Hydrocarbon-producing wells often are stimulated by hydraulic fracturing operations, wherein a servicing fluid such as a fracturing fluid or a perforating fluid may be introduced into a portion of a subterranean formation penetrated by a wellbore at a hydraulic pressure sufficient to create or enhance at least one fracture therein. Such a subterranean formation stimulation treatment may increase hydrocarbon production from the well.
In some wellbores, it may be desirable to individually and selectively create multiple fractures along a wellbore at a distance apart from each other, creating multiple “pay zones.” The multiple fractures should have adequate conductivity, so that the greatest possible quantity of hydrocarbons in an oil and gas reservoir can be produced from the wellbore. Some pay zones may extend a substantial distance along the length of a wellbore.
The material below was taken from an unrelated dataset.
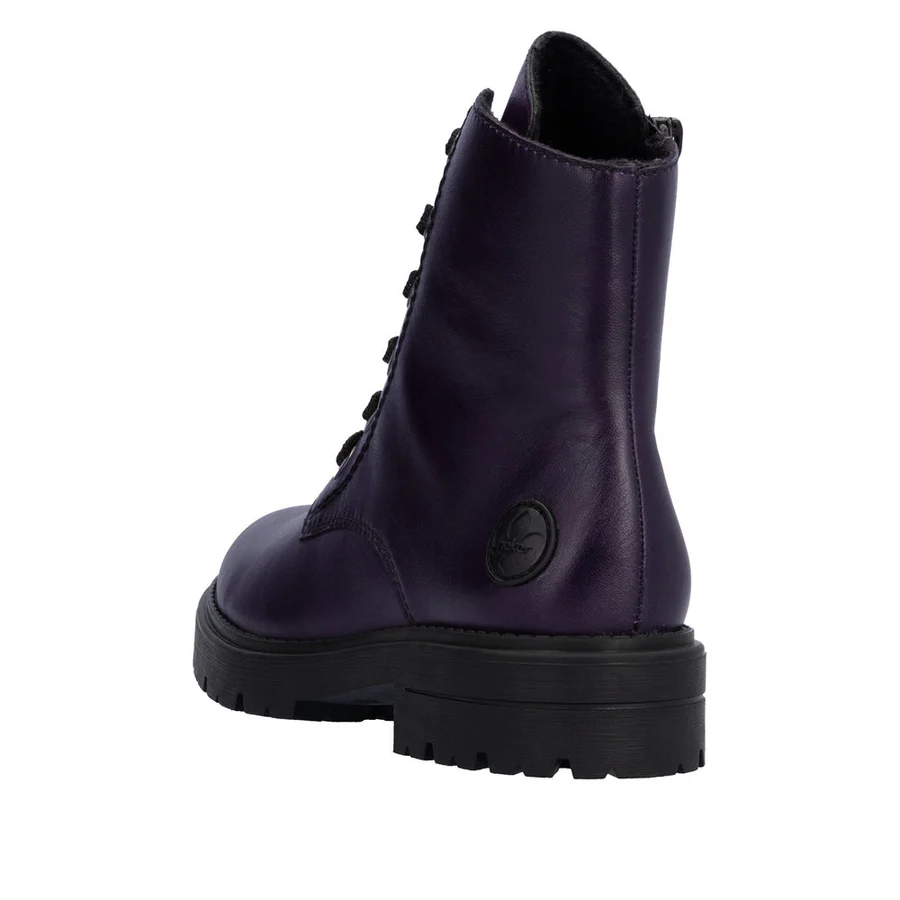 Enhance your style with these sleek aubergine-colored Rieker Z2841 biker boots. Made with smooth leather, they provide both comfort and functionality with their lacing and zipper. Featuring a grippy, block heel sole and extra soft cover sole, these boots are perfect for any occasion.
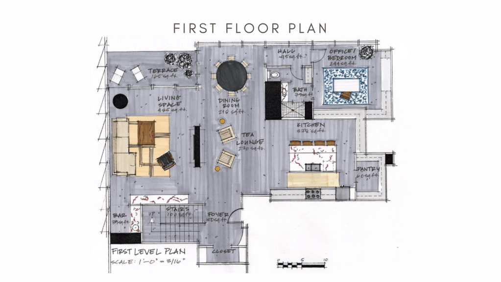 In the first studio class, we focused on residential design in an intensive five-week summer course. I was instructed to design and configure approximately 4,000 square feet in an existing apartment building located in the heart of Atlanta. Each person in my class was assigned clients with very specific requests, which created many challenges when it came to designing. This studio introduced me to conceptualization and its implementation.

In order to adequately induce the formation of fractures within such zones, it may be advantageous to introduce a stimulation fluid via multiple stimulation assemblies positioned within a wellbore adjacent to multiple zones. To accomplish this, it is necessary to configure multiple stimulation assemblies for the communication of fluid via those stimulation assemblies. Thus, there is an ongoing need to develop new methods and apparatuses to enhance hydrocarbon production.
A wellbore stimulation assembly allows a well producer to create an open well condition at an entry point in a zone by increasing pressure and opening ports in the tool to the formation. One such tool known in the art operates by a sliding sleeve that shears pins at an actuation pressure, thereby allowing the sliding sleeve to move to an open position. This single set point actuation methodology, however, prevents a casing pressure test at maximum operating pressure if the shear pin set value is less than the maximum operating pressure. Alternatively, if the shear pin set value is greater than the maximum operating pressure, than the operating pressure must exceed the maximum operating pressure in order to open the tool.
Moreover, shear pins do not always part at the exact set value, and sliding sleeve friction affects the overall activation pressure. Cemented applications pose a particular challenge, because cement causes additional friction for sliding sleeves, and any cavities or passages have a tendency to collect cement. When pins shear at a higher pressure than the designed pressure, maximum operating pressure may be exceeded and casing failure may result. When pins shear at a lower pressure than the design pressure, the tool opens prematurely before the well pressure testing and inspection is completed.